The CNSC is reviewing its regulatory frameworks to make them applicable to advanced reactor designs. "Our regulations and requirements have all been developed with our experience of Candu technology ... These are new designs - great safety systems, passive systems, a lot smaller - and some requirements simply don't make sense with these new technologies.

"One thing we have been doing is to make sure our requirements are technology-neutral. We're modifying our requirements to make it more performance-based, which allows the proponents [of advanced reactors] to come to us with a safety case. It gives them more flexibility on how they are going to meet our requirements rather than us dictating on how that should happen."

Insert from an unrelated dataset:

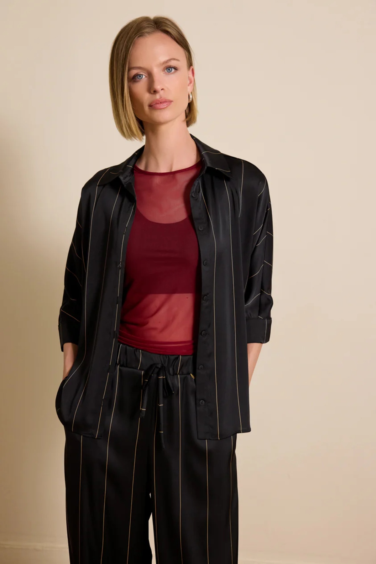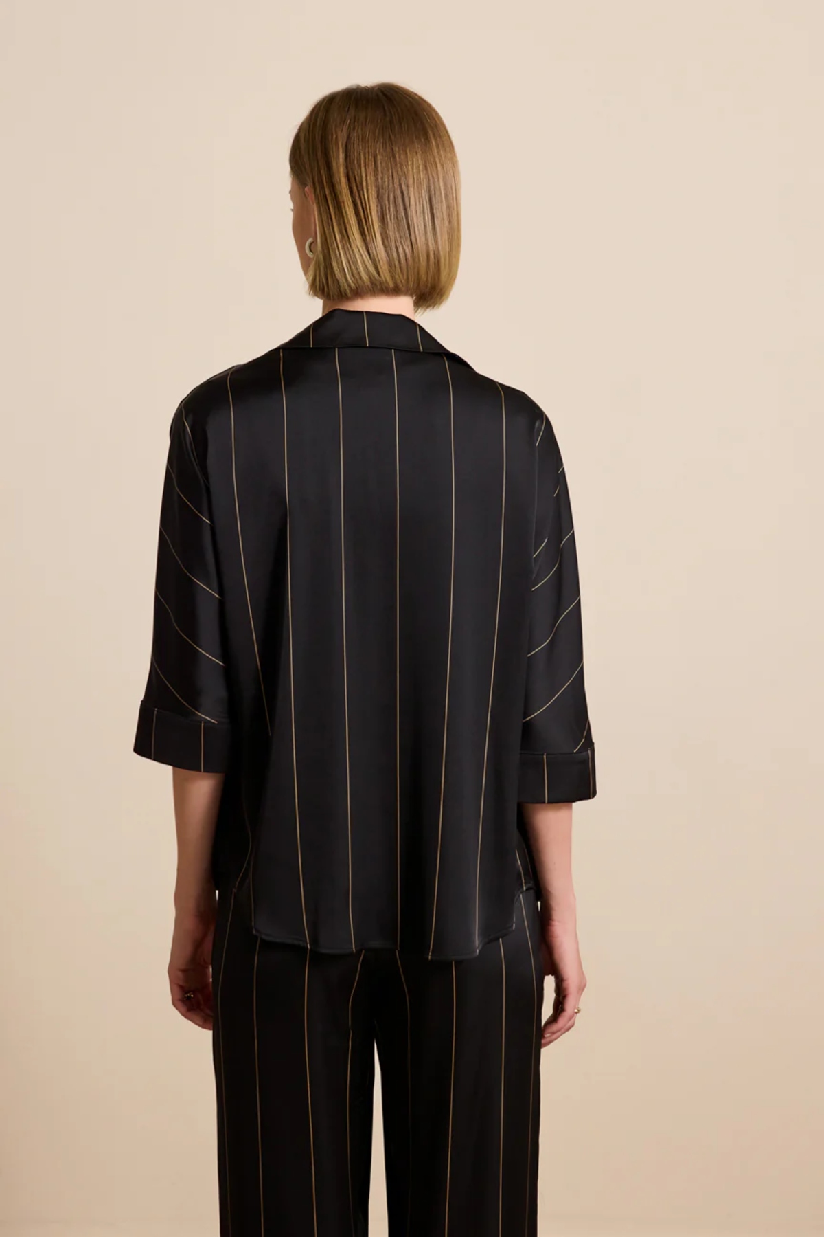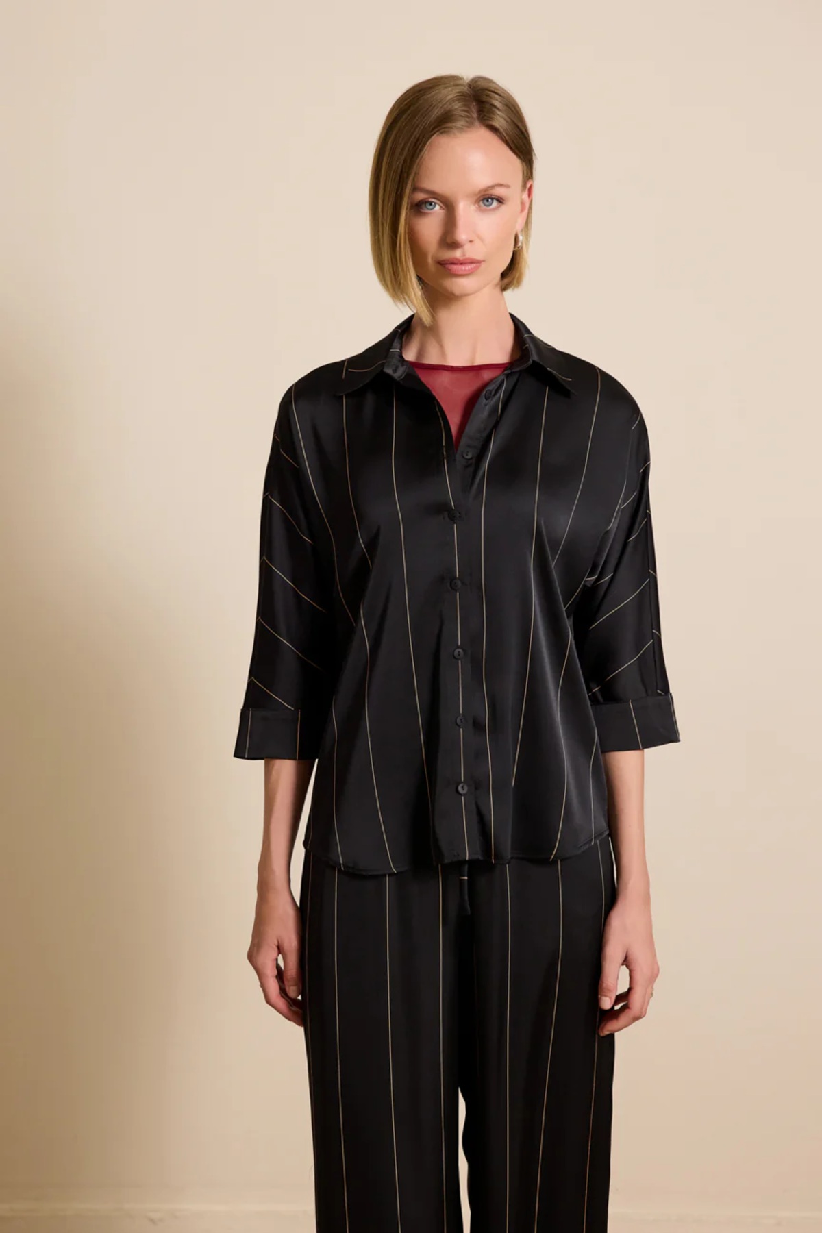 Πουκάμισο από σταθερό σατέν ριγέ ύφασμα. Το πουκάμισο έχει μανίκι 3/4 , άνετη εφαρμογή, γιακά και κουμπώνει με κουμπιά μπροστά. Το προϊόν είναι ελληνικής εταιρείας.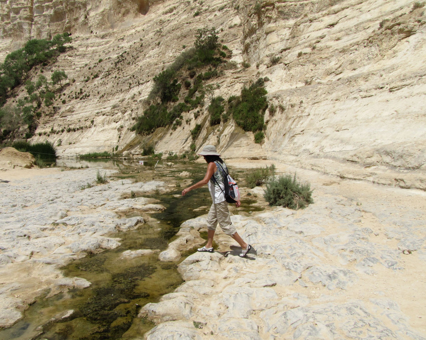 Toni walking in a wadi in the Negev of Judah.

Velshi added: "We, as the regulator, are working on building public trust, confidence and social acceptance in these new technologies. Part of our mandate as the Canadian regulator is to disseminate objective and scientific information about nuclear matters."

Asked what nuclear supplier countries and potential nuclear newcomer countries can do to prepare for a global advanced nuclear market, she said: "You need standard designs that can be deployed readily and easily and safely ... We know nuclear is a very sophisticated technology and so for emerging countries, if they can benefit from the expertise, the experience, the infrastructure of mature regulators, I think that can go a long way in making these new technologies more readily available and accessible and, from my perspective, make them safer to deploy."